The DR Secondary must remain synchronized with its DR primary. The last_wal
of primary and last_remote_wal
of secondary should be the same (or nearly the
same with a little latency introduced by the network).
$ vault read -format=json sys/replication/status | jq -r ".data"
{
"dr": {
"cluster_id": "d62cd840-8429-308a-6ff2-34c57f0c99bf",
"connection_state": "ready",
"known_primary_cluster_addrs": [
"https://10.1.1.150:8201"
],
"last_reindex_epoch": "1594876549",
"last_remote_wal": 511,
"merkle_root": "080c01d50875a1d1943451d8a24ef570b2ff41e1",
"mode": "secondary",
"primaries": [
{
"api_address": "http://perf-primary.example.com:8200",
"cluster_address": "https://10.1.1.150:8201",
"connection_status": "connected",
"last_heartbeat": "2020-07-16T05:51:19Z"
}
],
"primary_cluster_addr": "https://10.1.1.150:8201",
"secondary_id": "dr-secondary",
"state": "stream-wals"
},
"performance": {
"mode": "disabled"
}
}
Example - cluster 4
Cluster 4 is a DR secondary of cluster 2; as in the example for cluster 3, the
last_wal
of primary and last_remote_wal
of secondary should be the same (or
nearly the same with a little latency introduced by the network).

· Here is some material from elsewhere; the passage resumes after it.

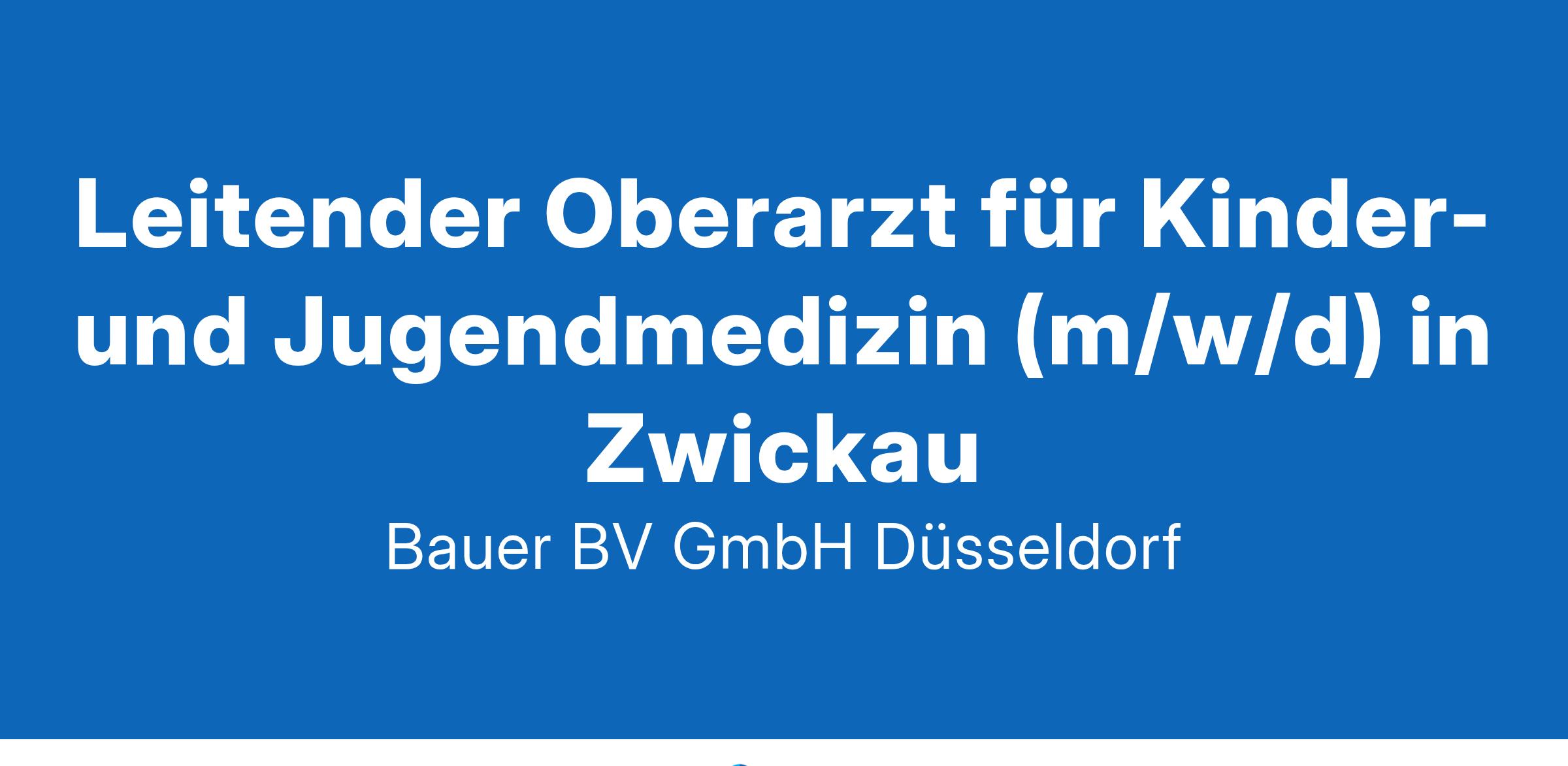 Anstellungsart(en): VollzeitIhr neuer Arbeitsplatz:Akutkrankenhaus der Regelversorgung mit rund 300 Betten in Raum Zwickau. Die Klinik für Kinder- und Jugendmedizin betreut Patienten der Neonatologie sowie Patienten aus den pädiatrischen, chirurgischen, unfallchirurgischen Bereichen und HNO-Patienten. Gemeinsam mit der Frauenklinik werden jährlich ca. 700 Geburten betreut. Zum Klinikum gehören zudem zwei Kinderarztpraxen.Ihre Vorteile:Moderne Klinik mit breitem fachlichem SpektrumAttraktiver und verantwortungsvoller ArbeitsplatzFreundliches und engagiertes TeamUnterstützung von Fort- und WeiterbildungenAttraktive VergütungUnbefristete Festanstellung mit PerspektiveIhr Profil:Facharzt (m/w/d) für Kinder- und JugendmedizinFundierte Kenntnisse im FachbereichEngagement und TeamfähigkeitIhr Ansprechpartner:Bauer B+V Personalberatung
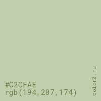 Цвет #C2CFAE в цветовой модели RGB обозначается тремя октетами (194, 207, 174) в десятичном формате и #C2CFAE в шестнадцатиричном (hex) формате, которые являются интенсивностью красного 194 (hex C2), интенсивность зелёного 207 (hex CF) и интенсивность синего 174 (hex AE).

$ vault read -format=json sys/replication/status | jq -r ".data"
{
"dr": {
"cluster_id": "5a0ddeb8-3285-81d4-e5a4-a63f02086130",
"connection_state": "ready",
"known_primary_cluster_addrs": [
"https://10.1.2.219:8201"
],
"last_reindex_epoch": "1594876602",
"last_remote_wal": 993,
"merkle_root": "3bd45885345947c8f2a12d5b1309e8a62160aa18",
"mode": "secondary",
"primaries": [
{
"api_address": "http://perf-secondary.example.com:8200",
"cluster_address": "https://10.1.2.219:8201",
"connection_status": "connected",
"last_heartbeat": "2020-07-16T05:53:02Z"
}
],
"primary_cluster_addr": "https://10.1.2.219:8201",
"secondary_id": "dr-secondary-1",
"state": "stream-wals"
},
"performance": {
"mode": "disabled"
}
}
Example - cluster 5
Cluster 5 is another DR secondary of cluster 2; in this contrived example, there was a problem with the cluster 5 host and it is now behind on replication with its primary (cluster 2).
Its merkle-root value does not match the primary and you will notice that it has values for both sync_progress and sync_total_keys indicating that at the time of the status query, 512 of 740 conflicting keys resolved.
Provided that all keys get resolved, this secondary should return to the stream-wals state.
$ vault read -format=json sys/replication/status | jq -r ".data"
{
"dr": {
"cluster_id": "559369e0-4897-013a-ed7c-2b817969c643",
"known_primary_cluster_addrs": [
"https://perf-secondary.example.com:8201"
],
"last_remote_wal": 180,
"merkle_root": "8617b6c31d806c7d64079678d5b76e4f763f7512",
"mode": "secondary",
"primaries": [
{
"api_address": "http://perf-secondary.example.com:8200",
"cluster_address": "https://10.1.2.219:8201",
"connection_status": "connected",
"last_heartbeat": "2020-07-16T05:53:02Z"
}
],
"primary_cluster_addr": "https://10.1.2.219:8201",
"secondary_id": "dr-secondary-2",
"state": "merkle-sync",
"sync_progress": 512,
"sync_total_keys": 740,
},
"performance": {
"mode": "disabled"
}
}
Load balancer traffic considerations
Vault generates its own certificates for cluster members. All replication traffic uses the cluster port using these Vault-generated certificates after initial bootstrapping. Because of this, you can't terminate the cluster traffic at the cluster port on the load balancer level.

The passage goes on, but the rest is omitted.